GIVEN MATERIAL:
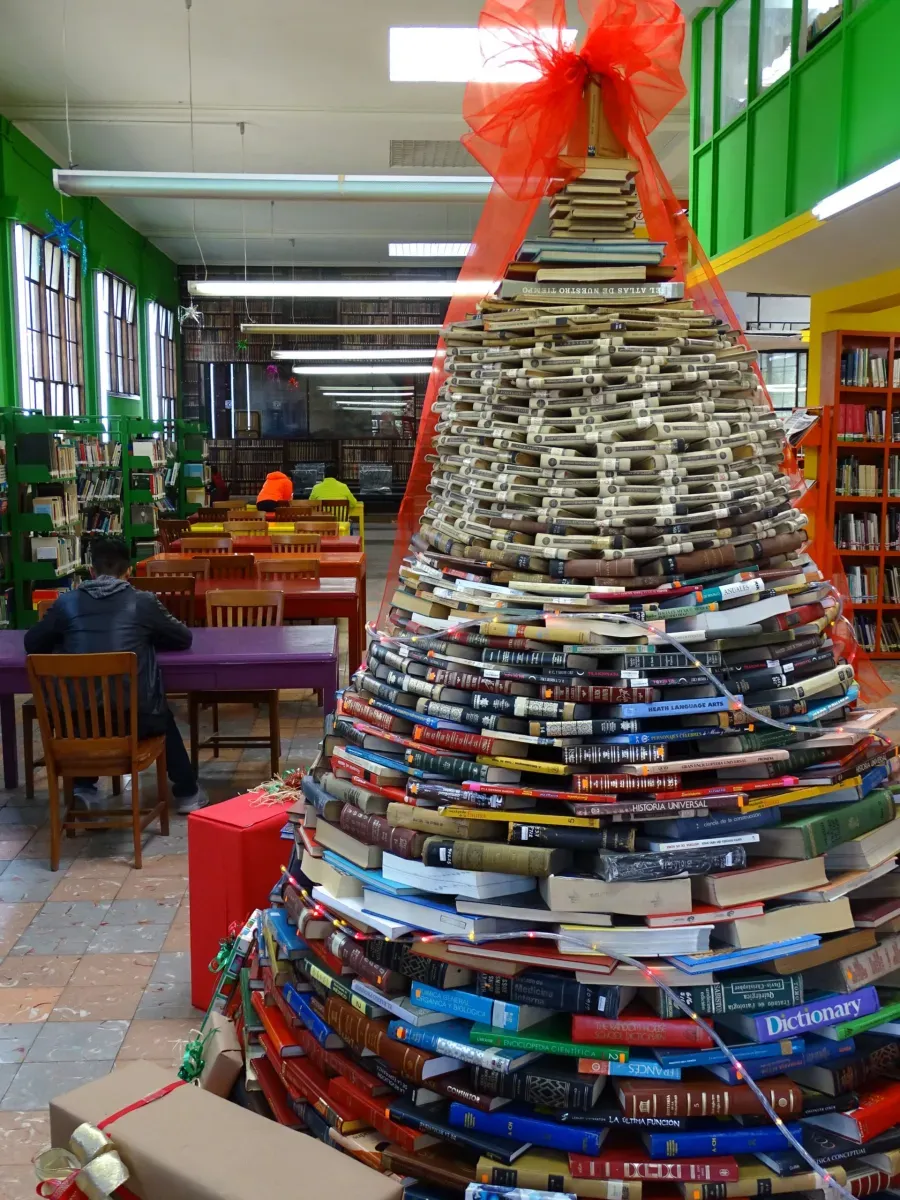 Foto: Weihnachtsbaum aus Büchern in Saltillo, Mexiko.
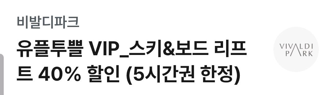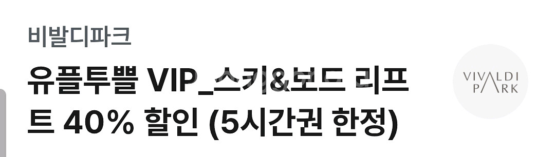 비발디파크 스키장에서 사용 가능한 스키&보드 리프트 40% 할인권이에요. 5시간권 한정으로 슬로프 이용 시간을 40% 할인해줍니다. 미사용 새 상품으로 깨끗한 상태예요! 26.3.2일 까지 이고 사용방법 이미지 참조해주시고 2장 남았습니다
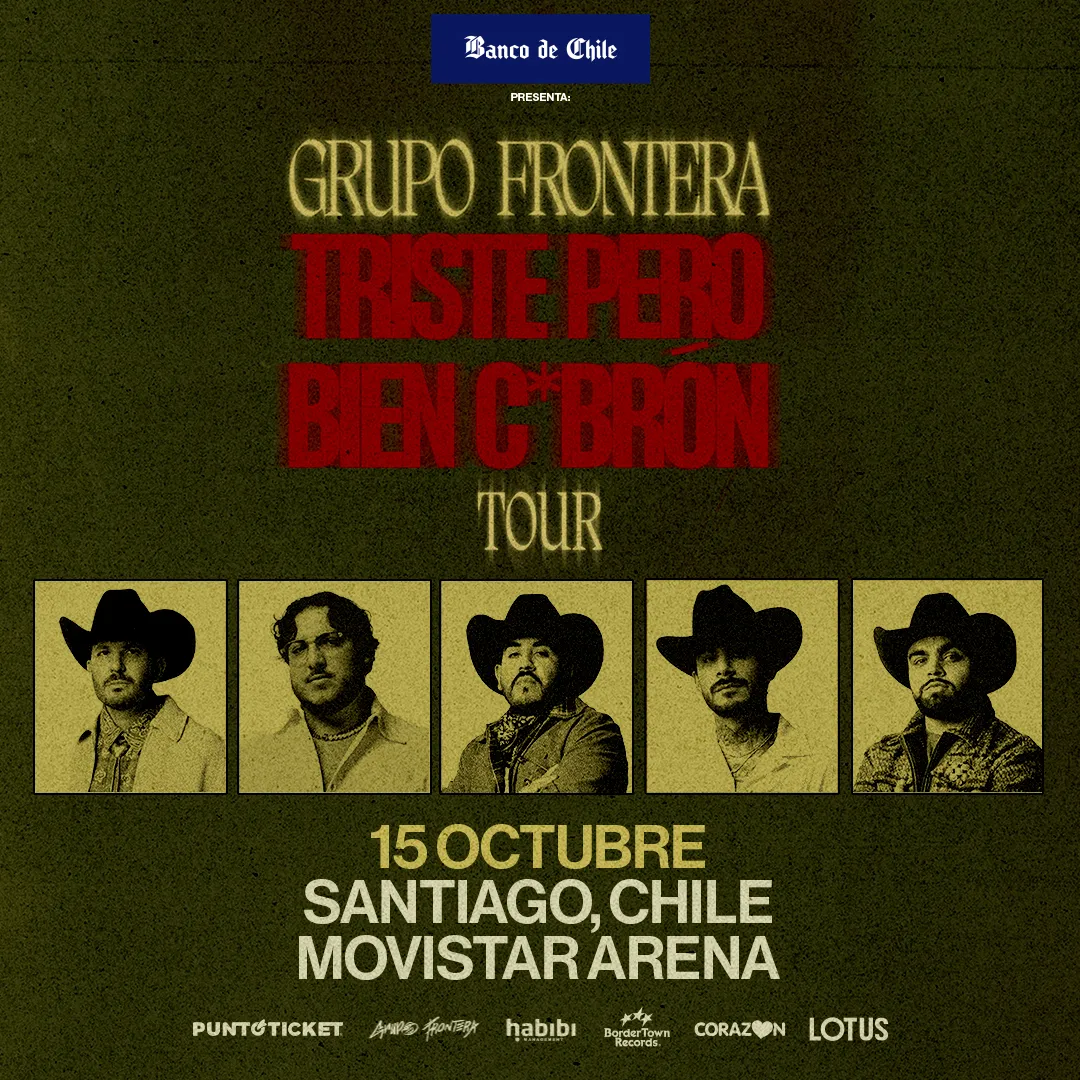 Tras un año histórico marcado por reconocimientos y momentos que definieron su carrera, los ganadores del Latin Grammy, Grupo Frontera, anuncian su esperada gira internacional 'Triste Pero Bien C*brón Tour', que los traerá de vuelta a Chile.

EXERCISE GOAL:
Restate all of the material above word for word. Pictures do not belong in it.

SOLUTION:
 Foto: Weihnachtsbaum aus Büchern in Saltillo, Mexiko.
 비발디파크 스키장에서 사용 가능한 스키&보드 리프트 40% 할인권이에요. 5시간권 한정으로 슬로프 이용 시간을 40% 할인해줍니다. 미사용 새 상품으로 깨끗한 상태예요! 26.3.2일 까지 이고 사용방법 이미지 참조해주시고 2장 남았습니다
 Tras un año histórico marcado por reconocimientos y momentos que definieron su carrera, los ganadores del Latin Grammy, Grupo Frontera, anuncian su esperada gira internacional 'Triste Pero Bien C*brón Tour', que los traerá de vuelta a Chile.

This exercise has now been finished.